Besides a renaissance fair, the only other place today where you might find grown men and women dressed up as court jesters and passing around a turkey leg is the “King’s Court.”

This new seating arrangement is being touted as the latest and greatest innovation by a Mariners marketing team that certainly knows how to get butts in the seats, despite the team’s lackluster performance the last several years.

The King’s Court is a special section at Safeco Field for the 2011 season in which fans cheer loud and proud, not only for 2010 A.L. Cy Young award recipient “King” Felix Hernandez during each of his home starts, but for the rest of his teammates as well.

Fans dressing up as royalty or as Felix’s commercialized alter-ego “Larry Bernandez,” and creating signs such as “King Felix will kick your royal highness,” have been the most redeeming features of the King’s Court thus far.

Even better is the prize for best costume: a turkey shank delivered on a silver platter.
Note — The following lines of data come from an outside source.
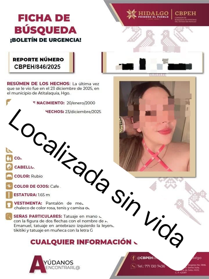 Dias antes había sido reportada como desaparecida por su familia, señalando que la última vez que la vieron fue el pasado 23 de diciembre de este año en el municipio de Atitalaquia.
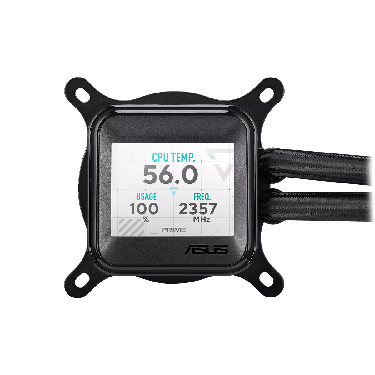ASUS Prime LC ARGB LCD all-in-one CPU liquid cooler with sharp screen showcasing CPU & GPU information with different background, high-performance Asetek pump armed with robust motor, daisy-chainable fans
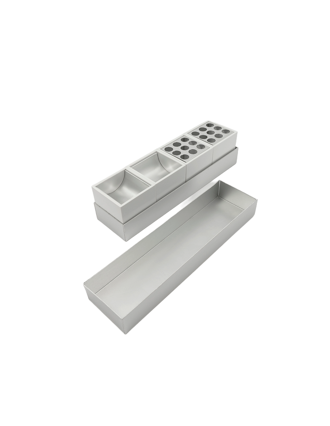 Danese MilanoCanarie è un set da scrivania composto da un portapenne, un porta fermagli e due posacenere pensato per organizzare un piano di lavoro essenziale per scrittura e disegno.
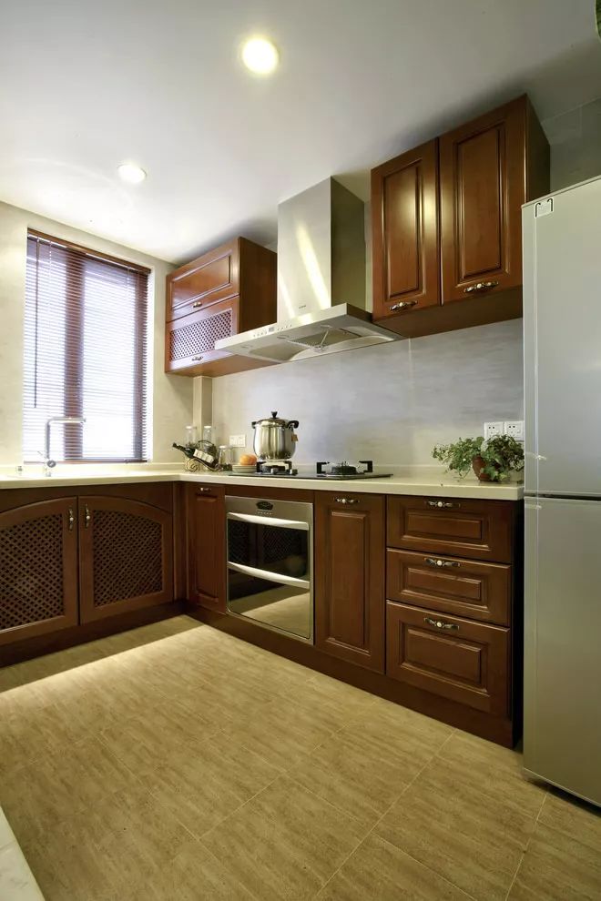 ▲原木色地板,搭配棕木色的橱柜,简单而朴素,让厨房看起来更加整洁。
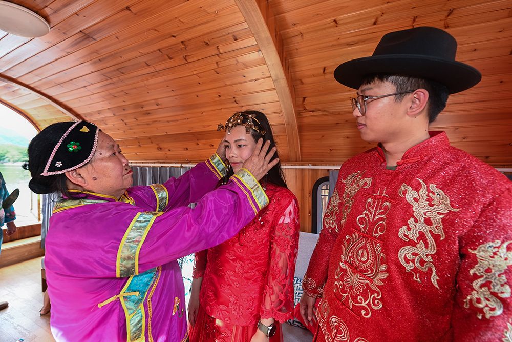 青年情侣在三都镇三都渔村体验水上婚礼。(图片来源:新华社)
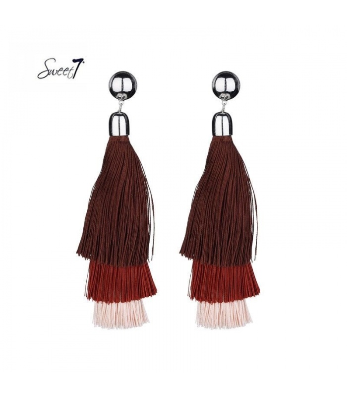 Zoek je statement oorbellen die echt opvallen? Deze oorbel met speelse franjes in bruin, rood en nude maakt elke look direct boeiend. De glanzende zilverkleurige knop geeft een moderne twist. Perfect voor zowel casual outfits als avondstyling.

It is beyond hilarious to see the winner take a big, juicy bite and pass it down the aisles to share the trophy. This has got to be the most unique and ingenious stadium promotions I’ve ever seen.
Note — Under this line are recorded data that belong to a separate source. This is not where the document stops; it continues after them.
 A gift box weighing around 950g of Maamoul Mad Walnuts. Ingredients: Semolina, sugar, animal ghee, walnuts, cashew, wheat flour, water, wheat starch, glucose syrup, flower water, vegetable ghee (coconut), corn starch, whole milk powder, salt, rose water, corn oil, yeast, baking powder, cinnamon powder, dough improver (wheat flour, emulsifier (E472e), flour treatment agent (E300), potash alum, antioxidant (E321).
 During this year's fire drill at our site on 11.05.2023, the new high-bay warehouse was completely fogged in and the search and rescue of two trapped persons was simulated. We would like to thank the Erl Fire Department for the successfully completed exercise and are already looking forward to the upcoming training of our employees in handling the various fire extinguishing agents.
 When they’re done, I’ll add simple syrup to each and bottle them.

The King’s Court is the brainchild of Gregg Greene, the team’s marketing director. “We have one of the best pitchers in the game in Felix,” Greene told Mariners’ beat reporter, Geoff Baker. “Every time he pitches, it’s an event. And we wanted to create an event around Safeco Field and each of his starts.”

Safeco Field has typically been known as a docile, almost sterile atmosphere for fans. Gestapo-like ushers have been known to roam the stands and scold people for cheering too loudly or showing even remote signs of inebriation. Some fans just seem uninterested in cheering.
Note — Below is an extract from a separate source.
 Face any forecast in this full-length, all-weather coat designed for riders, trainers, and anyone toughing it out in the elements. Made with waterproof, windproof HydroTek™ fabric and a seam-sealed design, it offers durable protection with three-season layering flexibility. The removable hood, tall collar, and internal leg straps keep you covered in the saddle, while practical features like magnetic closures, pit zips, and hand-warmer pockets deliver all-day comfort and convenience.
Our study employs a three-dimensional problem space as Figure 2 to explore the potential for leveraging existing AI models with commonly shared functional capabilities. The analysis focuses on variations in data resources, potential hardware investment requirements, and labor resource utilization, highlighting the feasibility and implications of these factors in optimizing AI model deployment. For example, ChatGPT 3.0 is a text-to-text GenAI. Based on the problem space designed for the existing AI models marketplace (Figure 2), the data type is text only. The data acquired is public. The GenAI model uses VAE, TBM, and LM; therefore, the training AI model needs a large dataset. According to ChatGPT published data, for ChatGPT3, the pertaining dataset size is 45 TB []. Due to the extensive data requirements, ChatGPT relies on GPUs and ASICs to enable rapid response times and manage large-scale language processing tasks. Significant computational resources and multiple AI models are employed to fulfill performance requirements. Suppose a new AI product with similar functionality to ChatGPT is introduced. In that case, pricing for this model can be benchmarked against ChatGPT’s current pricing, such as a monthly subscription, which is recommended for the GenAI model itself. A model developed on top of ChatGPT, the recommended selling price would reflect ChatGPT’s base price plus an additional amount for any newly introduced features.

Since its inaugural homestand in 1999, Safeco has been known more for its family friendly confines and notorious reputation as a pitcher’s park than its status as a place for hardcore fans to have fun rooting loudly for their team.

With the King’s Court, one feels that the Mariners marketing team has finally taken a page out of the Sounders’ and Seahawks’ book by allowing rambunctious fans to participate in organized cheering sections.

Baseball fans shouldn’t be forced to be the “sit on your hands” type. Just look at what the crowds of the Nippon Baseball League in Japan do during games.

On June 24, Hernandez would become the first Mariners pitcher to hit at Safeco Field in a real live game, thanks to a scheduling conflict that forced the Marlins to play a home series on the road.

Hernandez singled into right field in his first at-bat and caused the King’s Court to erupt in cheers. His 10 strikeout performance in a 5-1 Mariners victory wasn’t too shabby either. King’s Court fans raised their “K” signs and chanted in unison during every two-strike count on Marlins hitters.

During the ninth inning of the same game, King’s Court faithful began an “Olivooo…Oh Oh!” chant for Mariners catcher Miguel Olivo. Olivo rewarded their vocalized efforts with a two-run blast into the left field bleachers just mere feet from where the King’s Court was stationed. Needless to say, this only riled them up even further.

After the game, Mariners players signed the praise of the newly developed King’s Court to the media. Olivo was thrilled with the chants from left field and didn’t want to disappoint his biggest fans. “They got me going,” said the veteran backstop. “I heard that and when I missed the first fastball I said, ‘Man, I cannot strike out right here.’ They were excited for me. I’m glad when I hit that ball, they cheered even more. That meant a lot to me,” Olivo added. “That’s the first time people did that to me in my career. I’m very happy and thankful for it.”

Hernandez gave his own personal cheering section a shout out saying, “It was unbelievable today. That was loud. They were pretty good. The King’s Court is awesome right now.”

Tickets for seats in the King’s Court are surprisingly cheaper than they would be for a start by any other Mariners’ pitcher. They are typically $40 but the team has decided to drop the price by $10 for the promotion. If that weren’t enough incentive, fans also receive a collectible yellow t-shirt with “King Felix” printed on it in blue, and a yellow and blue “K” sign.

Greene said fan enthusiasm has more than exceeded expectations. Ticket demand for the King’s Court has caused the team to expand the seating arrangements from two sections to three (Sections 150-152). “They’re becoming part of Safeco Field lore with all the things they’ve done,” he said of the fans.

Mr. Greene should stand up and take a bow (and request a raise), for his idea has, without a doubt, struck gold at Safeco Field and perhaps single-handedly changed the reputation of baseball fans in the Emerald City.